KRK propose des crédits sur des petits montants à des entrepreneurs locaux. Pour vous donner une idée, le dossier de prêt moyen est d’environ 2 000 euros. Un emprunt à 10 000 euros est considéré comme un « gros dossier ». Ce sont des crédits que les banques traditionnelles ne sont pas prêtes à accorder car trop peu rentables ou trop risqués. Ces prêts peuvent financer du matériel agricole, des semences, etc. pour les petits exploitants de la région. Aujourd’hui, l’activité de KRK s’est élargie et la banque finance aussi des petits commerçants, des coiffeurs, etc. La part de l’agriculture dans l’activité de KRK ne représente plus que 50 % du bilan.
Comment se porte l’activité de KRK ?
Depuis la crise de la microfinance de 2009-2010, la situation s’est considérablement améliorée.

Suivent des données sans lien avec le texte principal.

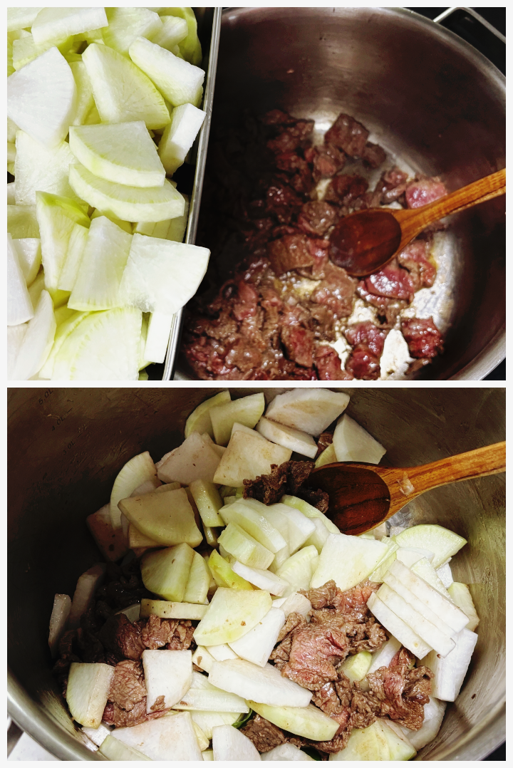 9. 소고기의 겉면이 살짝 익으면 썰어 준비한 무를 넣어서 한번 더 볶아주세요.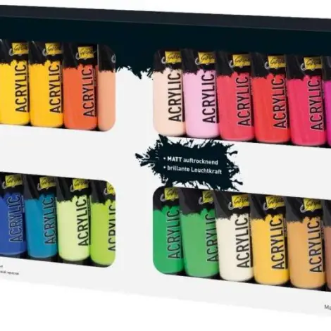 20 ml (White, Ivory, Citron, Genuine Yellow Light, Cadmium Yellow, Indian Yellow, Gen. Deep Orange, Terracotta, Portrait Rosé, Rosé, Genuine Red, Vermilion, Carmine Red, Magenta, Wine Red, Pale Blue, Primary Blue, Cerulean Blue, Violet, Cobalt Blue, Ultramarine Blue, Turquoise, Pale Green, Yellowish Green, Permanent Green, Foliage Green, Beige, Light Yellow Ocher, Gold Ocher, Dark Oxide Brown, Dark Brown, Black)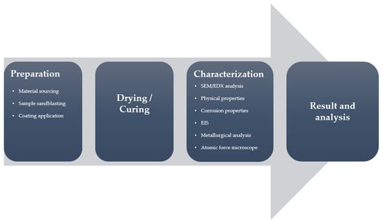 Waterborne (WB) two-component (2K) coating systems containing primer, intermediate, and a topcoat layer were evaluated. Infrared radiation was a method used to accelerate crosslinking of the coatings after which they were compared with the samples dried under atmospheric conditions. Required cleanliness Sa 2.5 and a medium degree of roughness, according to ISO 8501-1 [25] and ISO 8503-1 [26], was prepared with steel grit blasting abrasive on the steel test plates (150 × 120 × 8 mm). For each coating used in the research recommended thicknesses, overcoating intervals, gloss, and solids by volume are shown in Table 1. The coating thicknesses were achieved with spiral applicators according to the technical specifications provided by the manufacturer. The drying method, primer type, and manufacturer of applied coating systems are presented in Table 2. Physical and chemical properties of mild steel plates used for coating protection are shown in Table 3 and Table 4. Coatings used in this study are from German manufacturer Chemische Industrie Erlangen GmbH (CHING, Erlangen, Germany) and can be seen applied in Figure 1.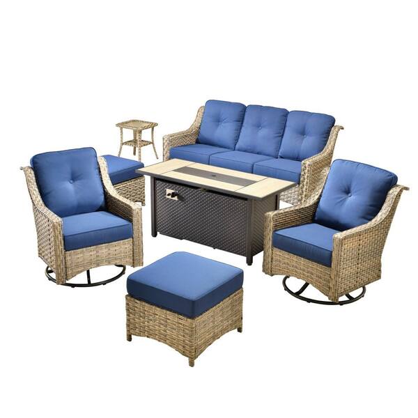 Harpera 7-Piece Wicker Outdoor Patio Sofa Seating Set with Swivel Rocker, Navy Blue Cushions, Metal Fire Pit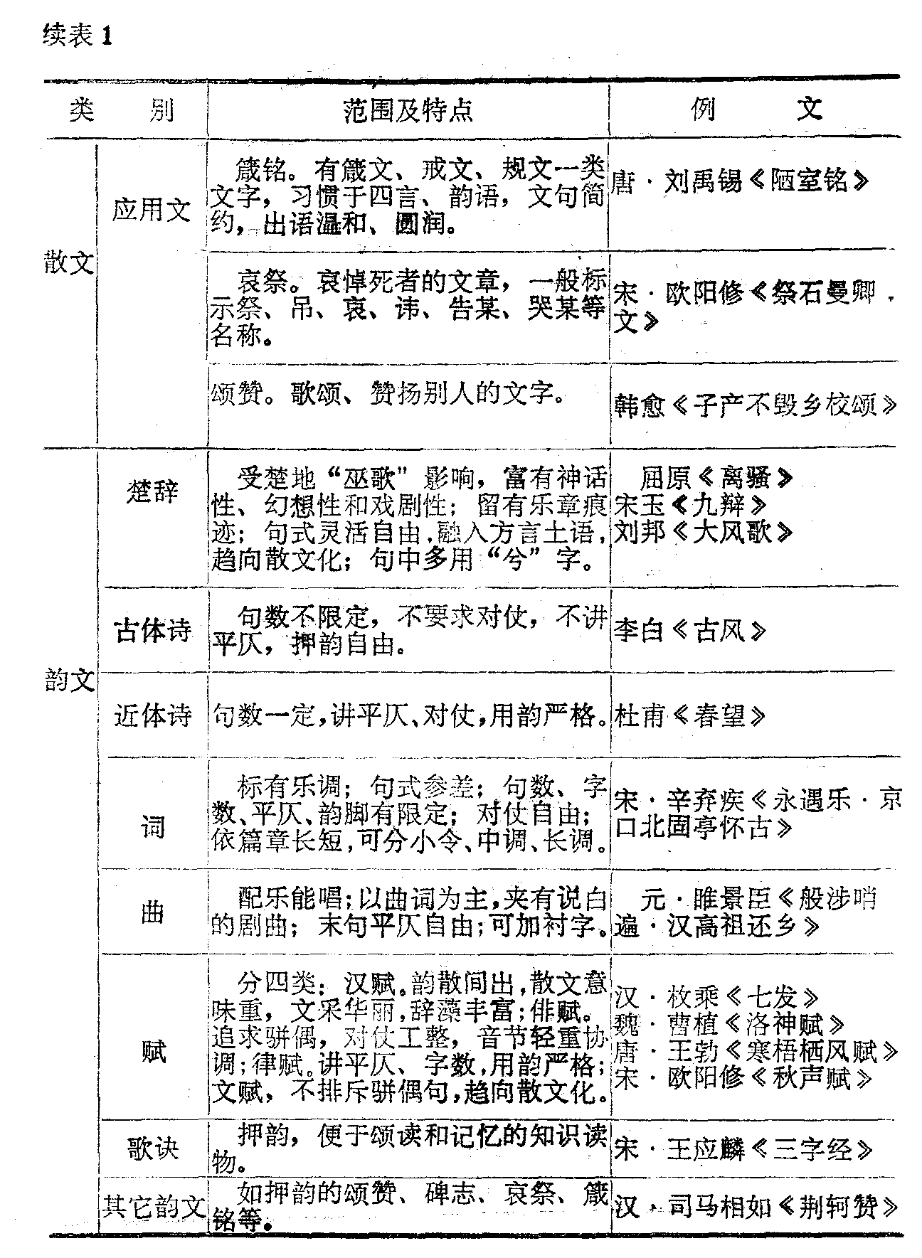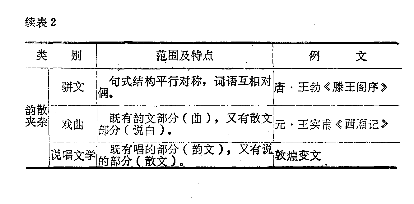 中国古代文体分类表

Avec 20 agences, dont une ouverte récemment dans la capitale (Pristina), la banque est bien implantée et connaît de mieux en mieux le tissu économique du pays. Aujourd’hui, KRK présente d’excellents résultats financiers et une très bonne gestion des risques. Le taux de défaut sur les prêts est de moins de 1%.
Mais dans la microfinance, les ratios financiers ne sont pas tout. L’important est de veiller en permanence à conserver l’équilibre entre l’aspect économique et l’aspect éthique. Il est en particulier important de limiter les taux d’intérêt et de respecter les engagements RSE des actionnaires et notamment de Sidi, mais également de BNP Paribas.
Quel est aujourd’hui votre rapport avec le Kosovo ?
J’ai toujours eu le goût de l’international. Et ça n’a pas changé. Je pars 4 fois par an au Kosovo pour assister aux conseils d’administration de KRK. Je reste à chaque fois quelques jours pendant lesquels j’en profite pour visiter ce pays que je ne connaissais que par les images de la guerre, que nous avons tous en mémoire. Le Kosovo n’a rien d’une destination a priori touristique : c’est l’un des pays les plus pauvres d’Europe, sa reconnaissance internationale n’est pas totalement établie, et on sent encore un pays fragile, divisé, tendu. Nous avons même dû fermer, il y a quelque temps, une agence dans le nord du pays car c’est encore une zone de fortes tensions. Malgré tout, c’est un pays attachant. J’y retourne d’ailleurs cette semaine.
Selon vous, en quoi la microfinance est-elle nécessaire ?
Plus que nécessaire, la microfinance me semble indispensable. Dans des pays fragiles comme le Kosovo, l’offre bancaire traditionnelle ne peut pas suffire. Les banques ne s’intéressent pas à cette cible trop peu rentable ou risquée. Pourtant, dans une économie qui est encore à 50 % rurale, les petits emprunts sont souvent la seule solution pour financer une activité commerciale. La microfinance, sur le modèle de KRK, apporte une solution qui me semble à la fois efficace économiquement et responsable socialement.
Un conseil à donner à quelqu’un désirant réaliser une mission bénévole en microfinance ?
Avant tout, il est important de savoir ce que l’on attend personnellement de son engagement bénévole. Pour moi, cette responsabilité correspondait parfaitement à ce que je souhaitais pour ma retraite : une envie de voyager, de continuer à découvrir d’autres cultures, de garder une activité professionnelle et d’utiliser mes compétences au service d’une cause éthique.